This video provides a comprehensive yet accessible introduction to large language models (LLMs) like ChatGPT. Karpathy aims to explain the inner workings of LLMs, demystifying their capabilities and limitations, and highlighting potential pitfalls. He covers the entire pipeline of LLM development, from data collection and preprocessing to model training and inference.
LLM Development Pipeline: The video details the three main stages of LLM development: pre-training (gathering and processing internet text data), supervised fine-tuning (training on human-generated conversations), and reinforcement learning (refining the model through trial and error).
Tokenization: Raw text is converted into tokens (numerical representations of text units) through a process called tokenization. The choice of vocabulary size and tokenization method significantly impacts model performance and efficiency.
Neural Network Internals: LLMs use transformer neural networks with billions of parameters. Training involves adjusting these parameters to predict the probability of the next token in a sequence, based on the preceding context.
Inference and Generation: Generating text involves starting with a prefix (input prompt) and iteratively sampling tokens based on the model's probability distribution. This process is stochastic, leading to variations in output even with the same input.
Hallucinations and Mitigations: LLMs can hallucinate (fabricate information). Mitigations include training the model to explicitly state "I don't know" when uncertain and incorporating tools like web search to access external information.
Reinforcement Learning: Reinforcement learning further refines model performance by rewarding successful problem-solving strategies and penalizing incorrect ones. This iterative process helps the model discover optimal approaches to different tasks.

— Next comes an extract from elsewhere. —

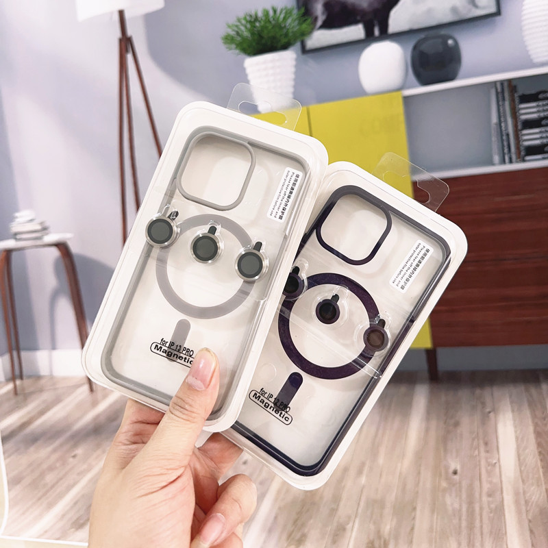 适用苹果15磁吸手机壳iphone14亚克力透明保护套13配带独立镜头膜

RLHF (Reinforcement Learning from Human Feedback): This technique uses a reward model (a separate neural network) to simulate human preferences, making reinforcement learning scalable even in unverifiable domains (e.g., creative writing).
The FineWeb dataset is approximately 44 terabytes of disk space and contains about 15 trillion tokens. The video states that Common Crawl data is a major contributor to many LLM datasets, and it had indexed 2.7 billion web pages by 2024. However, a direct comparison of the size of Common Crawl data used in FineWeb isn't explicitly given. The transcript only indicates that Common Crawl data is a starting point, which undergoes extensive filtering and processing before becoming the FineWeb dataset.
The byte pair encoding algorithm aims to reduce the length of a token sequence while increasing the vocabulary size. It works by identifying frequently occurring pairs of consecutive bytes (or symbols) in the text data. These pairs are then replaced with a new, single symbol (a new token with a unique ID). This process is iterated, creating new symbols for common consecutive symbol pairs, further compressing the sequence. The result is a shorter sequence of tokens, but with a larger vocabulary of possible symbols (tokens). In practice, this often leads to a vocabulary size of around 100,000 tokens, as exemplified by GPT-4's use of 100,277 tokens.
During each forward pass in LLM training, the input consists of sequences of tokens, which can range in length from zero up to a defined maximum context length (e.g., 8,000 tokens). The output of the forward pass is a probability distribution over all possible tokens in the model's vocabulary (which can be around 100,000 tokens). This distribution represents the model's prediction for what the next token in the sequence is likely to be.
The post-training step Karpathy describes, where human labelers create query-answer pairs to train the base model into an assistant, is called Supervised Fine-Tuning (SFT).
While it is a form of fine-tuning, it is not LoRA (Low-Rank Adaptation) or RLHF (Reinforcement Learning from Human Feedback). LoRA is a parameter-efficient fine-tuning technique, and RLHF is a separate, later stage that uses reinforcement learning based on human preferences. SFT specifically involves training the model on curated datasets of prompt-response pairs, directly teaching it desired behaviors through supervised learning.
The method described for mitigating hallucinations, where the model is prompted with context to generate questions and answers, then interrogated without context to identify knowledge gaps, and subsequently fine-tuned with "I don't know" as the correct answer for those gaps, is a process of probing and fine-tuning for factuality.
While not a single, universally standardized term like "SFT" or "RLHF," this approach falls under the umbrella of data curation and fine-tuning to improve model factuality and reduce hallucinations. The core idea is to empirically identify the model's knowledge boundaries and then explicitly train it on how to handle those boundaries by admitting ignorance.